Retaining and growing a community’s distinctive cultural infrastructure and vitality cannot be taken for granted. It can be easily cannibalized by creation of too many events or starved for volunteers and underwriting, especially when local corporate benefactors become distracted by the personal decisions of employees and executives who live elsewhere.
According to participation by the Durham Arts Council using data compilation from Durham’s community marketing organization, in a WESTAF-trademarked Creative Vitality Index, the community ranks much higher than the national average.
It also ranks much higher than North Carolina overall and higher than a comp set of other participants including Augusta, Baton Rouge, Greensboro, Little Rock, Montgomery, Norfolk, Raleigh, Richmond, Shreveport and Winston-Salem.
Still, there was a drop-off from the previous year. Durham can’t afford to be complacent or fail to aggressively nurture, protect and retain its organic blend of presenters, events, facilities and related-small independent retailers. Out-of-town developers have shown impatience, wanting to substitute more generic forms.
Others keep fueling more and more events without any understanding of supply and demand or how fragile a “non-profit” arts and cultural community is. Some who should be sensitive to the risks are instead undermining Durham’s cultural vitality by unwittingly facilitating churn rather than retention.
Cultivating a community’s distinctiveness and organic appeal takes decades if not centuries. Destroying it takes only a few careless decisions or the hubris to believe a sense-of-place is invincible.
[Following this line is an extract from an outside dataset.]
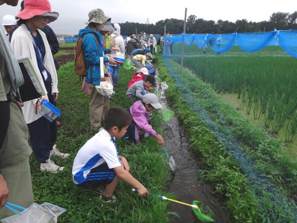 次は水田で、水生生物の生態を観察する。子どもたちは網で溝にいる蛙やゲンゴロウを探す。「あっちの方がいるみたいよ」「後ろからそっとすくわないと捕れないよ」「落ちるなよ」…。保護者も心配そうだ。「これはトンボのヤゴだね」「それは日本アマガエル」とスタッフの大森拓郎さんが丁寧に説明した。
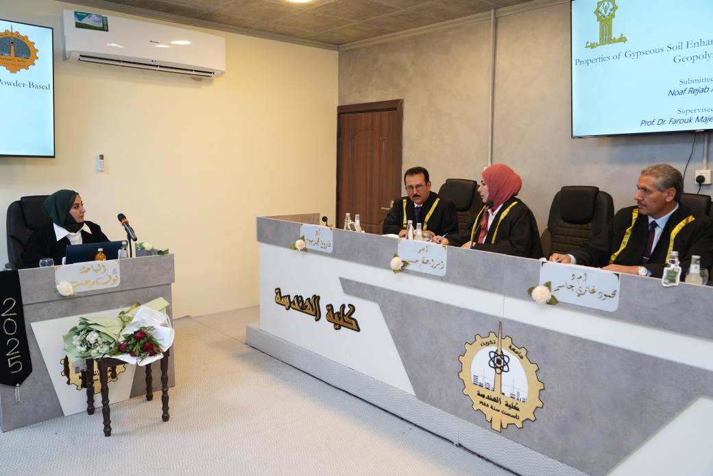 كما حضر سيادته في كلية الهندسة – قسم الهندسة المدنية مناقشة رسالة الماجستير للطالبة نوف رجب عبدالرحمن والموسومة:

While celebrated today, Durham’s failure to be consistently strategic and protective of its place-based assets is silently taking a toll. Events are downsizing or disappearing, facilities are struggling, artifacts and heritage are at risk and whole categories of creative businesses are silently evaporating.
All of the marketing and “brick and mortar” development in the world cannot save or resurrect a community’s soul once it has been surrendered.
Even “all of the King’s horses and all the King’s men” won’t be able to put it back together again.